Georg Friedrich Haas

Capell-Compositeur 2023/2024

Es gibt wahrscheinlich kein Vorurteil über zeitgenössische Musik, das sich hartnäckiger hält als dieses: dass kompositorische Innovation nun einmal nicht mit Klangschönheit und emotionaler Intensität zusammengehe. Das Schaffen von Georg Friedrich Haas, dem Capell-Compositeur der Jubiläumssaison 2023/2024, erbringt unermüdlich den Gegenbeweis: eine Musik, die nicht trotz, sondern gerade durch ihre ungewohnten Klänge und Verfahren sinnlich berührt und fesselt.

Einen Namen gemacht hat sich der 1953 in Graz geborene Komponist in den 1990er-Jahren zunächst durch die systematische Arbeit mit Mikrotönen, also solchen Intervallen, die kleiner sind als ein Halbton und sich deshalb auf dem Klavier nicht mehr darstellen lassen. Doch weder damals noch heute lässt sich Haas’ Komponieren auf das Schlagwort der Mikrotonalität reduzieren. Nicht nur, dass viele seiner Werke ganz auf mikrotonale Elemente verzichten; reingestimmte Intervalle, Viertel- und Sechsteltöne sind ihm kein Selbstzweck, kein Beitrag zu einem kompositionstechnischen Überbietungswettbewerb, sondern ein Mittel zum Ausdruck. So atmen etwa die irisierenden Obertonakkorde, die im einstündigen Ensemblewerk »in vain« allmählich aus wirbelnden chromatischen Klangflächen hervortreten, eine suggestive, gleichsam utopische Kraft. Sie teilt sich im Hören unmittelbar mit – und wird noch dadurch verstärkt, dass Teile des Werks in absoluter Dunkelheit zu spielen sind.

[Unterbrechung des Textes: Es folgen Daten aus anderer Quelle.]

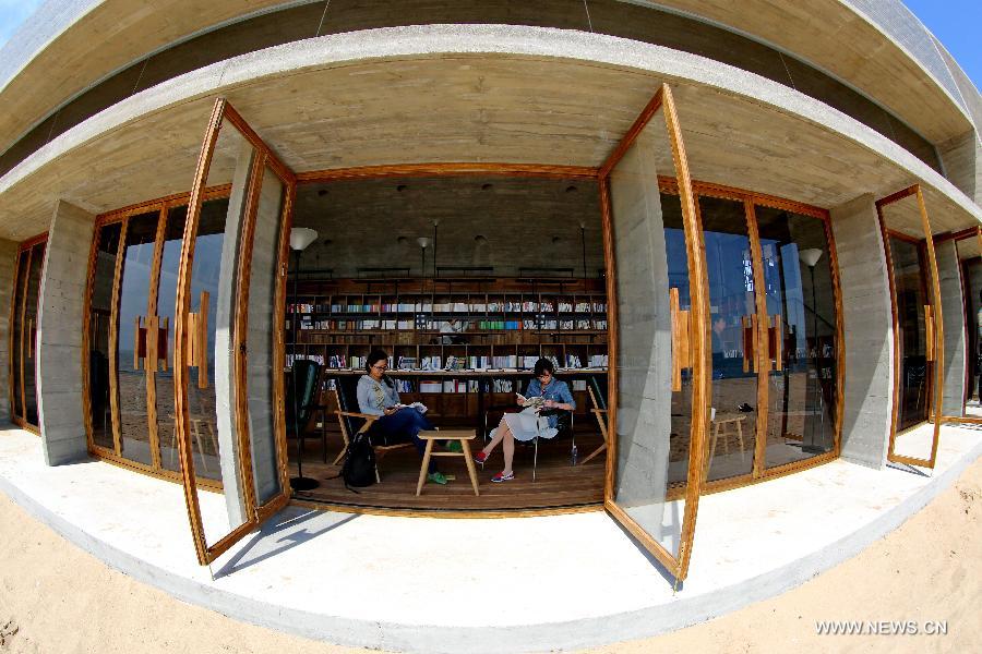 People read books at the seaside public library in Qinhuangdao, north China's Hebei Province, May 14, 2015. Situated on the seafront of Qinhuangdao, the newly-built library opened its door recently. Standing alone on an empty beach, the 450-square-meter library was called "the loneliest library" by Chinese netizens and became a hot topic quickly. Designed by an architect named Dong Gong, the two-story library creates a peaceful sea view for readers. (Xinhua/Yang Shiyao)

Die Expressivität und Sinnlichkeit, die seine Musik aus dem Innenleben der Klänge schöpft, hat Georg Friedrich Haas zu einem der wichtigsten Komponisten der Gegenwart werden lassen: Sein Werkkatalog umfasst etliche Kompositionsaufträge von führenden Klangkörpern und zählt unter anderem acht Bühnenwerke, zahlreiche Orchester- und Ensemblestücke und allein elf Streichquartette. Große Erfolge feierte der Komponist beispielsweise mit Opern wie »Morgen und Abend« nach einem Libretto von Jan Fosse oder dem 2010 entstandenen Werk »limited approximations« für sechs im Zwölfteltonabstand gestimmte Klaviere und Orchester. Für seine bahnbrechenden Kompositionen wurde Georg Friedrich Haas mehrfach ausgezeichnet, darunter mit dem Großen Österreichischen Staatspreis für Musik und dem Musikpreis Salzburg. Seit 2013 unterrichtet er als Kompositionsprofessor an der Columbia University in New York. 2022 erschien seine Autobiografie »Durch vergiftete Zeiten«.

Zur Jubiläumssaison der Sächsischen Staatskapelle wird Georg Friedrich Haas gleich zwei Uraufführungen beisteuern: Im 2. Kammerabend erklingt ein neues Werk für Bassklarinette, Violoncello und Schlagzeug; im 9. Symphoniekonzert wird Susanna Mälkki, die bereits die Uraufführung von Haas’ »concerto grosso« Nr. 1 für vier Alphörner und Orchester leitete, in ihrem Debüt bei der Staatskapelle ein neues Orchesterwerk des Capell-Compositeurs aus der Taufe heben. Mit dem Ensemblestück »in vain« präsentiert die Staatskapelle in einem Sonderkonzert im Festspielhaus Hellerau zudem eines der erfolgreichsten musikalischen Werke des 21. Jahrhunderts.